Furthermore, our model's efficacy was compared with other studies using other models. For example, Dandekar et al. [Reference Dandekar and Barbastathis14] showed an SIR model, when estimating the total cases by the end of February 2020 in Wuhan, China, can lead to an error of 150%. Wang et al. [Reference Wang15] employed an SEIR model, estimated 11 044, 70 258 and 227 989 confirmed cases by the end of February 2020 in Wuhan, China, using R 0 = 1.9, 2.6 and 3.1, respectively. These estimations came down to an absolute error of 78%, 43% and 364%, respectively, far beyond our error of 8%. The authors stated that classical estimation models' accuracy largely depends on the parameters used, based on previous studies and various approaches and assumptions, and required a large dataset. Furthermore, the classical SEIR and SIR models' parameters are assumed to be constant. Therefore, they cannot recover the stagnation observed in Wuhan's infected case count due to the strict government control in China. Moreover, despite the numerous efforts to generate the model for Wuhan, the authors stated that the dynamics model for the other locations in mainland China and other places in the world still needs to be developed with specific parameters to be redefined.
Conclusions
Several models for the prediction of the COVID-19 outbreak existed, but few could well predict the transmission of the epidemics under stringent public health intervention. Based on the growth rates T and K, we proposed a simple model for studying and predicting the progression of the epidemics. We evaluated the role of government control policies based on this model and predicted the inflection point and end time of the epidemic, the maximum number of hospitalised patients and the expected number of infections (Table 3). Our model yields accurate short-term forecasting of the pandemic's progression: our predictions are in excellent agreement with the real data. It should be noted that the proposed model will not be necessarily accurate for long-term predictions due to changes in the external environment (e.g. the update of the government control policies, development of the treatment methods, etc.). Therefore, model parameters will need to be timely updated to generate reliable long-term predictions.

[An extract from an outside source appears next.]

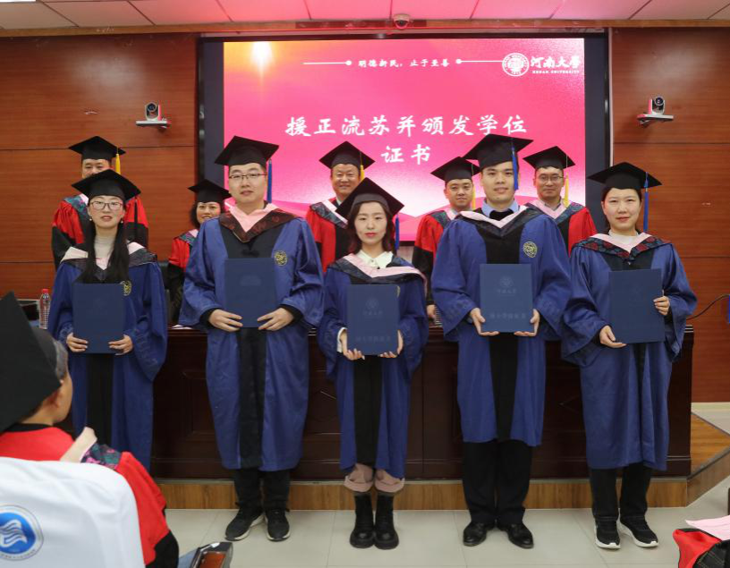拨穗授位,承梦扬帆。在悠扬的乐曲声中,受校长张锁江院士委托,与会学院领导和公共管理专业硕士学位评定委员会为现场的毕业生依次援正流苏、颁发学位证书,并合影留念。

In summary, we developed a simple yet effective model using a small dataset for predicting the evolution of the COVID-19 outbreak in mainland China. The mathematical model is of great guiding significance to assess the impact of government control policies in preventing the spread of the disease. This model is expected to contribute to resource allocation and planning in the health sector while providing a theoretical foundation for governments to respond to future global health crises or epidemics.
Author contributions
Conceptualisation, X-D.S; methodology, C.S. and Y.Y.; formal analysis, C.S. and Y.Y.; writing, all authors; funding acquisition, C.S. All authors have read and agreed to the published version of the manuscript.
Financial support
This project was supported by the National Key R&D Program of China (2018YFA0902500), the National Natural Science Foundation of China (41706137, 41630979 and 41670622), the Natural Science Foundation of Guangdong province, China (2017A030310332), the State Key Laboratory of Tropical Oceanography, South China Sea Institute of Oceanology, the Chinese Academy of Sciences (Project No. LTO1909) and the Graduate Education Innovation Project (Guangdong province, 2020JGXM094).
Conflict of interest
The authors declare no conflict of interest.
Data availability statement
The datasets generated during and/or analysed during the current study are available from the corresponding author on reasonable request.